INSTRUCTIONS TO FOLLOW: Below are records; reproduce exactly the lines from the one that has "Laupäev: BodyPump. Laupäeval" through the one that has "- ใช้คะแนน [จำนวน", ends included, and nothing more.

RECORDS:
=== Begin Enclosure ===

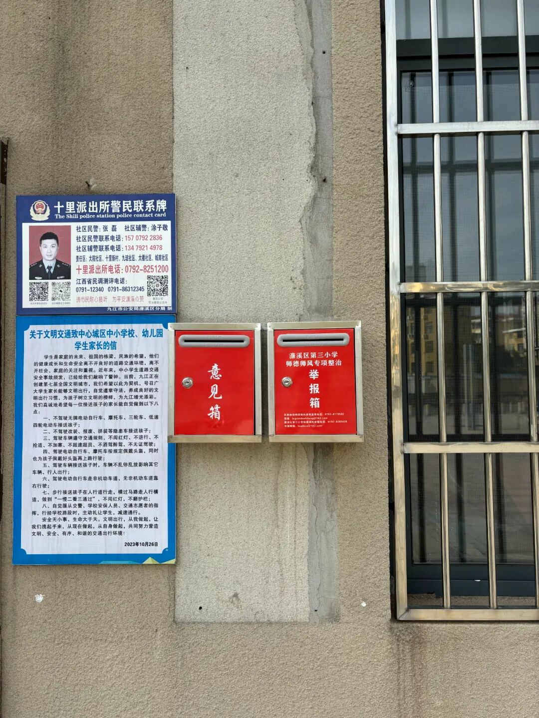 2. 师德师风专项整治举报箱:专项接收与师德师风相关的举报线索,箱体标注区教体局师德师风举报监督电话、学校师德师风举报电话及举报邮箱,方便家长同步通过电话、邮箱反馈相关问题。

=== End Enclosure ===
=== Begin Enclosure ===

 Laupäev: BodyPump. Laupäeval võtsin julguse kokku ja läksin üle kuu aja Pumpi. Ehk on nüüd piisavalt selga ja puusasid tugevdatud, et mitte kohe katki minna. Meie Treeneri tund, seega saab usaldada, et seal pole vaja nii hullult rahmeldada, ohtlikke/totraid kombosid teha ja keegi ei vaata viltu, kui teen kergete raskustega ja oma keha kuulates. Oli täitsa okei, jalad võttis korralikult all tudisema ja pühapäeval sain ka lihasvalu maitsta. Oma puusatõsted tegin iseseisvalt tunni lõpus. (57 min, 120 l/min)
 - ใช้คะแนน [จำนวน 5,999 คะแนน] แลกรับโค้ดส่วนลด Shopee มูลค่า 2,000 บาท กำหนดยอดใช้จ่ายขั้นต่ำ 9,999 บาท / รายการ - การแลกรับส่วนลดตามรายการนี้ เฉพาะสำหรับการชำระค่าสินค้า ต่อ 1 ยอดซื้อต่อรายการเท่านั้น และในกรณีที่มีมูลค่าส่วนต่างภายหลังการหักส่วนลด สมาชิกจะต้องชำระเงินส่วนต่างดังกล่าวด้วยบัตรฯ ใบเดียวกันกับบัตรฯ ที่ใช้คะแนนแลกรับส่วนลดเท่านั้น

=== End Enclosure ===
=== Begin Enclosure ===

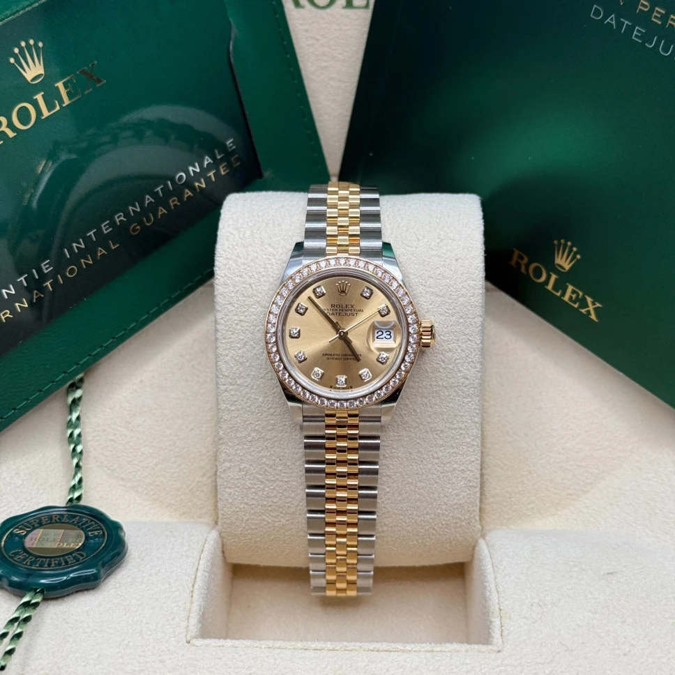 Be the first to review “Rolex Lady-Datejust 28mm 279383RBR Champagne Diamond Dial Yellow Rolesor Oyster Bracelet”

=== End Enclosure ===

SOLUTION BELOW:
 Laupäev: BodyPump. Laupäeval võtsin julguse kokku ja läksin üle kuu aja Pumpi. Ehk on nüüd piisavalt selga ja puusasid tugevdatud, et mitte kohe katki minna. Meie Treeneri tund, seega saab usaldada, et seal pole vaja nii hullult rahmeldada, ohtlikke/totraid kombosid teha ja keegi ei vaata viltu, kui teen kergete raskustega ja oma keha kuulates. Oli täitsa okei, jalad võttis korralikult all tudisema ja pühapäeval sain ka lihasvalu maitsta. Oma puusatõsted tegin iseseisvalt tunni lõpus. (57 min, 120 l/min)
 - ใช้คะแนน [จำนวน 5,999 คะแนน] แลกรับโค้ดส่วนลด Shopee มูลค่า 2,000 บาท กำหนดยอดใช้จ่ายขั้นต่ำ 9,999 บาท / รายการ - การแลกรับส่วนลดตามรายการนี้ เฉพาะสำหรับการชำระค่าสินค้า ต่อ 1 ยอดซื้อต่อรายการเท่านั้น และในกรณีที่มีมูลค่าส่วนต่างภายหลังการหักส่วนลด สมาชิกจะต้องชำระเงินส่วนต่างดังกล่าวด้วยบัตรฯ ใบเดียวกันกับบัตรฯ ที่ใช้คะแนนแลกรับส่วนลดเท่านั้น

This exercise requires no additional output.